Fortunately for the progress of the investigation, the 'Hourigan Report' got
to Judge Bruguière despite the letter of refusal from the ICTR:

--"(. . .) on 31 August 2000, the Court of Paris, on the instructions of the
Minister of Justice, passed on a copy of said report, which was attached
to the current with a view toward its future use; and
That the documents thus sent by the Court of Paris were authenticated
by Mr Michael HOURIGAN, (. . .) at the time of his testimony in Paris on
29 December 2000;"--
(the Report of Jean-Louis Bruguière, The Superior Court of Paris,
17 November 2006, ¶s 125 & 126, CM/P translation at
http://cirqueminime.blogcollective.com/blog/_archives/2007/9/30/3262522.html)--

Mr.
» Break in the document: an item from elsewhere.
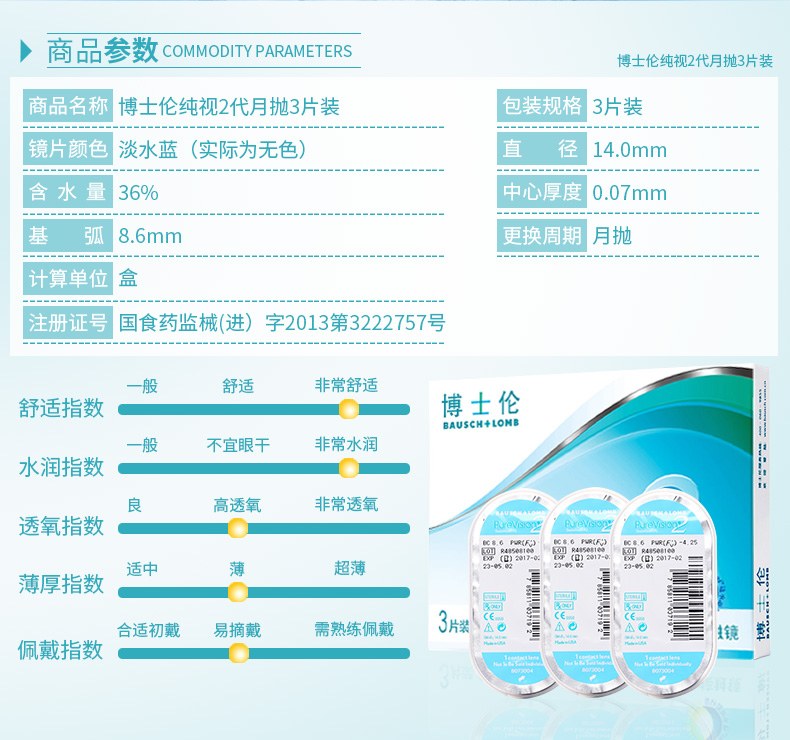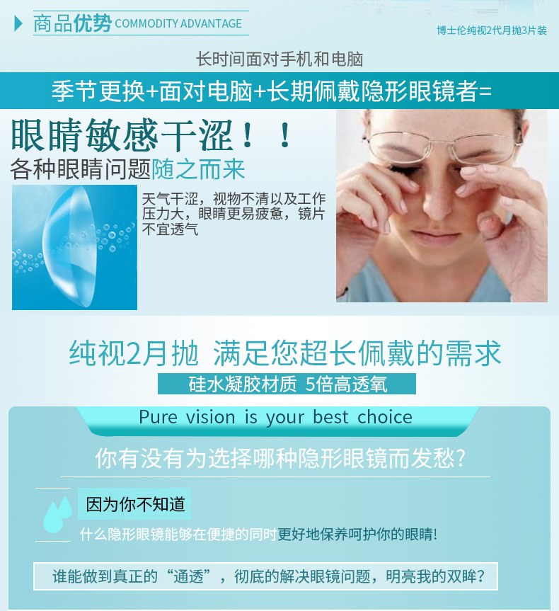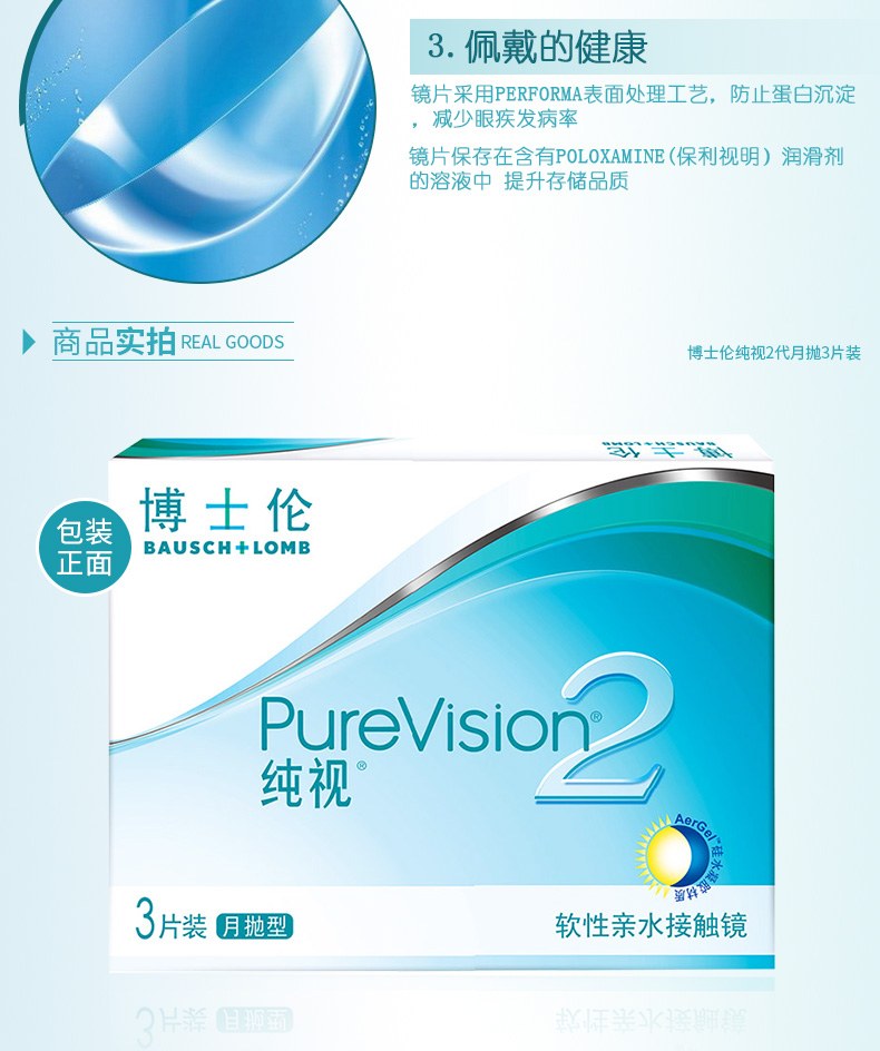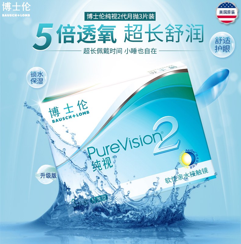 博士伦最新推出了 纯视超长配戴月抛隐形眼镜,纯视采用创新的硅水凝胶材料,在国外,这种材料的隐形眼镜已经非常普及,在隐形眼镜市场占有率第一的美国市场,硅水凝胶镜片占有率已经达到了近40%,中国硅水凝胶材料的隐形眼镜正在逐渐被消费者认可。采用创新的硅水凝胶材料制作的镜片具有高透氧,是一般隐形眼镜透氧的5倍,具有锁水保湿功能,即便睡觉时也能保证角膜充分供氧,同时优良的PERFORMA镜片表面防污技术,防止蛋白沉淀,减少眼干,让配戴者“超长随意戴,小睡也自在”。镜片的特别设计保证镜片的滑动度和戴镜时的泪液交换,令配戴非常舒适。
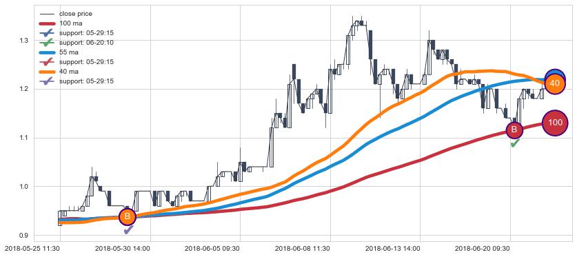 上涨趋势05-25 11:30-06-21 11:30,均线40, 100, 55确认关键支撑2处

Hourigan gave very important information to Judge Bruguière:

--"(. . .) with regard to his mission for the I.C.T.R., Michael HOURIGAN
stated that the investigators on his team, empowered by their superiors
to investigate the attack, considered themselves to be entering a field
of inquiry within the authority of the Tribunal, never found any tangible
evidence implicating the Hutu extremists, but, on the contrary, were
drawn to an evidentiary trail leading directly to the R.P.F.;
(. . .) That on a secure telephone line from the U.S. Embassy in Kigali,
he had, on or about 7 March 1997, a conversation with Madame Louise
ARBOUR and that in the course of their exchange she told him that she
had received, through other channels, intelligence that backed up his own
and that at no time had she told him that the investigation into the attack
was not within the authority of the I.C.T.R.;"--
(the Report of Jean-Louis Bruguière, The Superior Court of Paris,
17 November 2006, ¶s 129 & 133, CM/P translation at
http://cirqueminime.blogcollective.com/blog/_archives/2007/9/30/3262522.html)--

Later under questioning by Judge Bruguière, Michael Hourigan stated
that Mme Arbour had, at that time, suddenly changed her opinion. Contrary
to what she had told Hourigan before, Arbour now criticized him for having
conducted his investigation, which, she said was outside the authority of the
ICTR, and then she told him to break off all relations with his informants.
This position was confirmed by at least one other investigator.
(the Report of Jean-Louis Bruguière, The Superior Court of Paris,
17 November 2006, pp 22 in Fr original, CM/P translation at
http://cirqueminime.blogcollective.com/blog/_archives/2007/9/30/3262522.html)--


A decade earlier, on 7 February 1997, Maitre Tiphaine Dickson, the
defense lawyer for Georges Rutaganda at his trial before the ICTR,
made a request that bench order the Prosecutor to make public all
the evidence that he had on the subject of the attack against the
president's plane, as well as to initiate an investigation on this subject.
The response she received was, in its own way, stupefying:

--"Our responsibility is not to conduct an investigation into a plane crash (sic!!!),
this is not our job. So, I am going, in the most categorical way, to set this
question aside. And, first of all, I will say that we don't have to conduct such
investigations, we don't have to report on such investigations either.
Secondly, it is not our role, it is not our mission to conduct investigations
into the crash (sic!!!) of a plane carrying some presidents or vice-presidents.
This question does not fall within our authority."--
(ICTR 96-3-T, Prosecutor v Rutaganda, 7 February 1997).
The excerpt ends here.